Nella Senna hanno potuto tuffarsi i nuotatori in acque libere, grazie al bacino di Austerlitz, una specie di serbatoio sotterraneo e gigantesco (contenitore d’acqua da ripulire ed eventualmente capace di riempire cinquanta piscine olimpiche, quelle lunghe 50 metri, che c’è chi chiama “olimpioniche” come se pure loro avessero vinto una medaglia d’oro). Sono tre cartoline di Parigi 2024, tre immagini di “urbanistica sportiva”. Alla quale si potrebbe accreditare anche il Villaggio Olimpico di Saint Denis, 52 ettari, 82 edifici, 3.000 appartamenti, 7.200 stanze. Un quartiere residenziale destinato ad ospitare, nel dopo Giochi, 2.800 abitazioni, 2000 delle quali per famiglie e 800 per studenti. Novemila alberi e arbusti: è la sostenibilità ambientale. Una banlieue trasformata in meglio. Ecodesign ad ogni angolo.
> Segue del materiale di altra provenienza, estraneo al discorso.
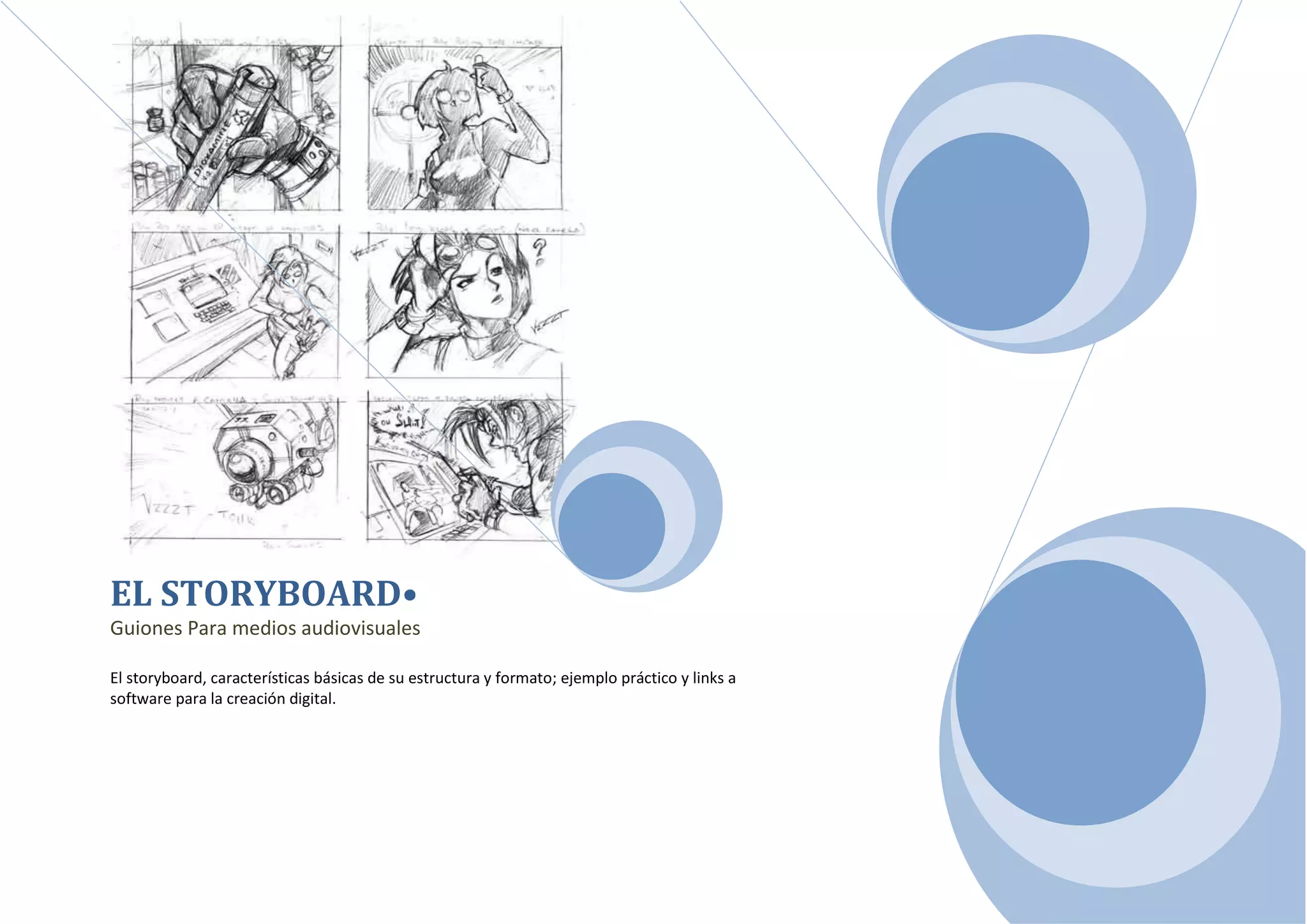 El storyboard es una herramienta útil para la elaboración de guiones audiovisuales. Consiste en una serie de dibujos ordenados en secuencia que visualizan las acciones de cada escena. El storyboard ayuda a planificar las ideas del guionista y a determinar cómo se traducirán las escenas en imágenes. Debe incluir viñetas con las imágenes clave de cada escena, así como información sobre la acción, diálogo y transiciones. Su propósito es facilitar la visualización de la historia a través de imágenes en secuencia.

IMPIANTI SPORTIVI: L’EREDITÀ DI LONDRA 2012 E LA RIVOLUZIONE URBANISTICA NELLA CITTÀ OLIMPICA
Dodici anni prima anche Londra olimpica aveva tentato (tentativo riuscito) una uguale riqualificazione territoriale: era laggiù, nell’East End, nella allora degradata zona di Stratford, che tutto o quasi era stato costruito, pure se anche nel caso inglese luoghi iconici erano stati messi in campo come sede di eventi. Dove passa il meridiano di Greenwich che dà l’ora al mondo passavano cavalli e cavalieri (e amazzoni, naturalmente); dove i turisti di solito infastidiscono le Guardie Reali, all’Horse Guard, si tenne il beach volley, sempre e solo per fare esempi. Ma è stata a Stratford la vera rivoluzione urbanistica: una stazione ferroviaria internazionale, un centro commerciale come porta del paradiso olimpico, un parco interamente dedicato ai Giochi, con i suoi impianti poi da rigenerare e da rendere d’uso quotidiano.
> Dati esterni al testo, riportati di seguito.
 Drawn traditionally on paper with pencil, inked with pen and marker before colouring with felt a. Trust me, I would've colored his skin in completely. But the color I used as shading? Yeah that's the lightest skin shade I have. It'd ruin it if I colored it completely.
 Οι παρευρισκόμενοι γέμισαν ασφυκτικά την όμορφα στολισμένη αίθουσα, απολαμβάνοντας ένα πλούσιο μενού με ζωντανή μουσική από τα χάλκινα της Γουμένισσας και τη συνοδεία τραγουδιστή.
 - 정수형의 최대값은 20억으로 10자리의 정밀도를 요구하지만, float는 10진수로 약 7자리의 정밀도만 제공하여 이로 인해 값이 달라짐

LE OLIMPIADI: UN ACCELERATORE DI SVILUPPO URBANO
Del resto la rivoluzione urbanistica è una caratteristica dei Giochi moderni. Basti pensare a Roma: l’ultimo grande intervento in materia è avvenuto per i Giochi del 1960: anche l’aeroporto di Fiumicino fu un frutto delle Olimpiadi. Ci sarebbe stato ugualmente forse, ma le Olimpiadi hanno un pregio non trascurabile rispetto ad altri progetti per quanto faraonici: le Olimpiadi propongono una scadenza tagliola. Per quel giorno bisogna essere pronti e funzionali, non c’è possibilità di rinvio né c’è tempo diluito, come può essere l’“anno del Giubileo”, che a volte è sembrato come quell’appuntamento che si è abituati a prendere non all’ora precisa ma “verso le…”.
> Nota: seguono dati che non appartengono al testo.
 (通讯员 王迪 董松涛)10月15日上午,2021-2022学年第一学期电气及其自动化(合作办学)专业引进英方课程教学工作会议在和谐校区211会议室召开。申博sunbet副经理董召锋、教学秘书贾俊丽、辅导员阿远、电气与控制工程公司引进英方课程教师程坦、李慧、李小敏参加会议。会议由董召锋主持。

Le Olimpiadi hanno un’ora precisa. I grandi eventi sono un acceleratore: le Olimpiadi sì, basti pensare a Barcellona che per il 1992 scoprì (o ricordò) d’avere il mare e mise mani e progetti sul “porto olimpico” e cambiò totalmente non solo l’urbanistica della città ma la sua stessa filosofia, il suo modo di vivere, il suo modo di presentarsi al mondo e di conquistarlo che gli effetti ancora si registrano in termini di turismo e non solo.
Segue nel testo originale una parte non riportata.